◆ EXERCISE GOAL ◆
Only an exact repetition is needed: the lines from the start of the listing below through the line that contains "Ретро сервиз прибори", pictures omitted.

MATERIAL PROVIDED below:

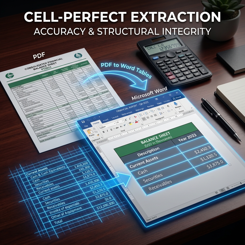 جداول منظمة | حول تقارير PDF المالية إلى مستندات Word مع بقاء الخلايا دقيقة
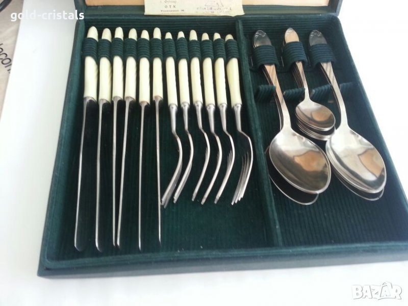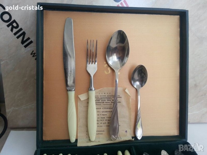 Ретро сервиз прибори за хранене в кутия неизползвани неръждаеми маркирани руски съветски ссср стари старинни антикварни арт декор винтидж колекция стари комплект сет лот ножове вилици лъжици лъжички гравирани стари антикварни предмети обзавеждане за дома и семейството подходящи за подарък за ценители и колекционери
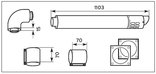 The set contains: - Horizontal wall / roof passage pipe with a diameter of 80/125 mm and a length of 1103 mm - cot 87 yards - two 70 mm long necklaces - Two wall rosettes with a diameter of 125 mm

End of MATERIAL PROVIDED.

◆ EXERCISE RESULT ◆
 جداول منظمة | حول تقارير PDF المالية إلى مستندات Word مع بقاء الخلايا دقيقة
 Ретро сервиз прибори за хранене в кутия неизползвани неръждаеми маркирани руски съветски ссср стари старинни антикварни арт декор винтидж колекция стари комплект сет лот ножове вилици лъжици лъжички гравирани стари антикварни предмети обзавеждане за дома и семейството подходящи за подарък за ценители и колекционери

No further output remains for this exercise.